Thursday, June 4, 2026

Food & Drug Chief Leaving Role, Trump Announces

Food & Drug Chief Leaving Role, Trump Announces

Marty Makary’s tenure as FDA commissioner ended Tuesday in the manner it was conducted — amid competing pressures from every direction, with no single constituency satisfied and the White House confirming his departure in the blunt shorthand of a president who had grown tired of the arrangement.

“Marty is a terrific guy, but he’s going to go on, and he’s going to lead a good life,” Trump told reporters when asked whether he had fired the FDA commissioner.
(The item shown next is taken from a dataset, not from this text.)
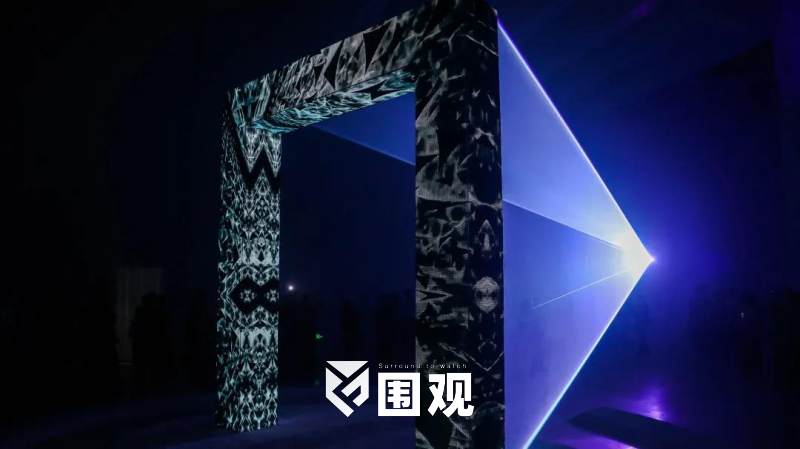为了展现数据的生命感,Blackbow与E.I.art工程师Fallen运用多种视听上的数据算法如分形、Voronoi图、自组织噪声、Delaunay三角剖、Cosmic Force等。让生成的门体影像借由AI演算与现场音乐和激光形成相互感知的氛围情绪。由毛亮老师制作的背景音乐,瞬间便将人拉入充满神秘而未知气息的氛围中。

He later posted what appeared to be Makary’s resignation text on Truth Social, thanked him for doing “a great job” and described him as “a hard worker, who was respected by all.” Kyle Diamantas, previously the agency’s top food official, will serve as acting commissioner.

The gap between Trump’s warm send-off language and the circumstances of Makary’s exit is considerable. He lasted just over a year at the helm of an agency that oversees vaccines, medicines and food for the world’s largest economy — and in that time managed to antagonize pharmaceutical executives, tobacco lobbyists, anti-abortion activists, public health leaders and ultimately the White House itself, an achievement of comprehensive alienation that is difficult to accomplish accidentally.

The proximate pressure that accelerated his departure was the administration’s push to approve flavored e-cigarettes. Makary had voiced concern about fruit-flavored vapes and their appeal to young people. The administration forged ahead regardless, and the friction that produced appears to have been the final weight on a scale already loaded with accumulated grievances.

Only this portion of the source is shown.